:: What you should do ::
Taking only the lines of the data below from the line with "Детали: полочка фактурной" to the line with "Decentní, drobnější náušnice", ends included, write them out exactly and without pictures.

:: Given information ::
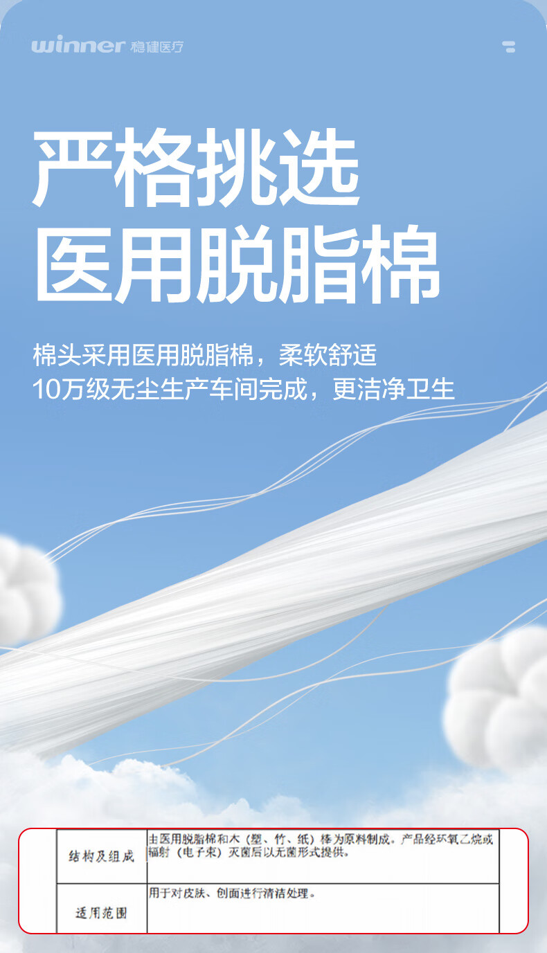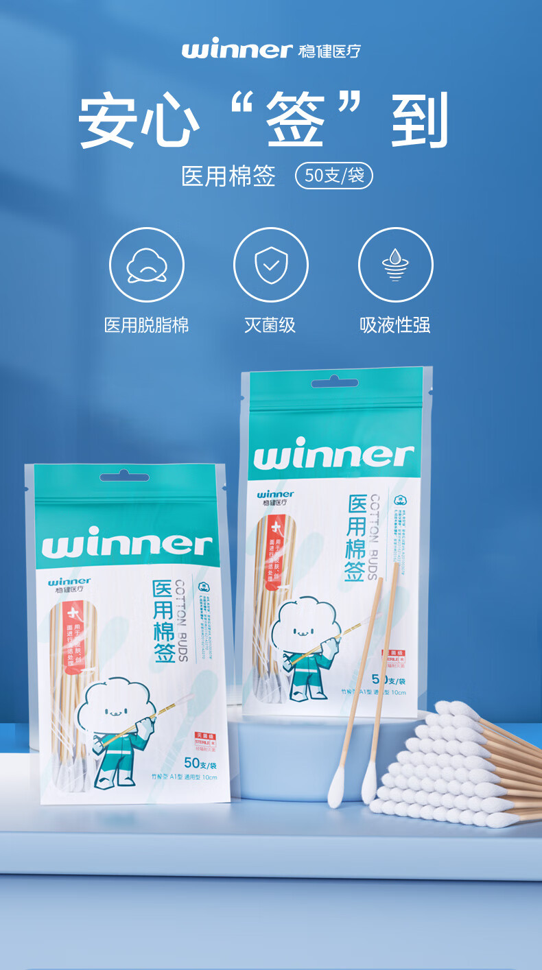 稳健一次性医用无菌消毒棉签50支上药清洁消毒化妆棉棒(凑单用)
---
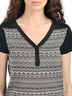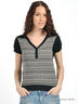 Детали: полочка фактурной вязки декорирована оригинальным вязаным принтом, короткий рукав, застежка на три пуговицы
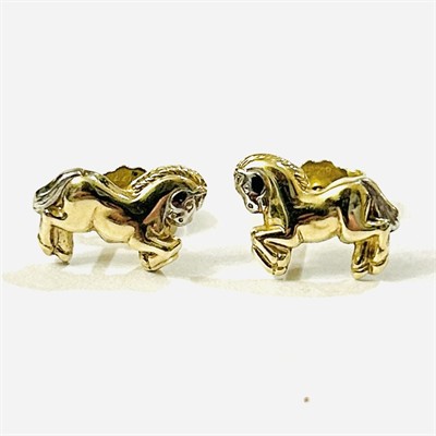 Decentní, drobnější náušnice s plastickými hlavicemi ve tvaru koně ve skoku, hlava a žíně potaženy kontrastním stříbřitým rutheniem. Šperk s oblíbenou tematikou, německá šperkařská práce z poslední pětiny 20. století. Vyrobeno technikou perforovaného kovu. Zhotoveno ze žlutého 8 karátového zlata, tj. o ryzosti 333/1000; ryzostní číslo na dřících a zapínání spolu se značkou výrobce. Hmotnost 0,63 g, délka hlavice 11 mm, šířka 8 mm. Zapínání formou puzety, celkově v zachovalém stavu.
* * *
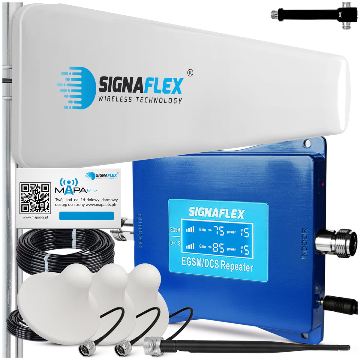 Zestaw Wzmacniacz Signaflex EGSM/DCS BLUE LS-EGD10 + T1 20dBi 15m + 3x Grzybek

:: Task response ::
 Детали: полочка фактурной вязки декорирована оригинальным вязаным принтом, короткий рукав, застежка на три пуговицы
 Decentní, drobnější náušnice s plastickými hlavicemi ve tvaru koně ve skoku, hlava a žíně potaženy kontrastním stříbřitým rutheniem. Šperk s oblíbenou tematikou, německá šperkařská práce z poslední pětiny 20. století. Vyrobeno technikou perforovaného kovu. Zhotoveno ze žlutého 8 karátového zlata, tj. o ryzosti 333/1000; ryzostní číslo na dřících a zapínání spolu se značkou výrobce. Hmotnost 0,63 g, délka hlavice 11 mm, šířka 8 mm. Zapínání formou puzety, celkově v zachovalém stavu.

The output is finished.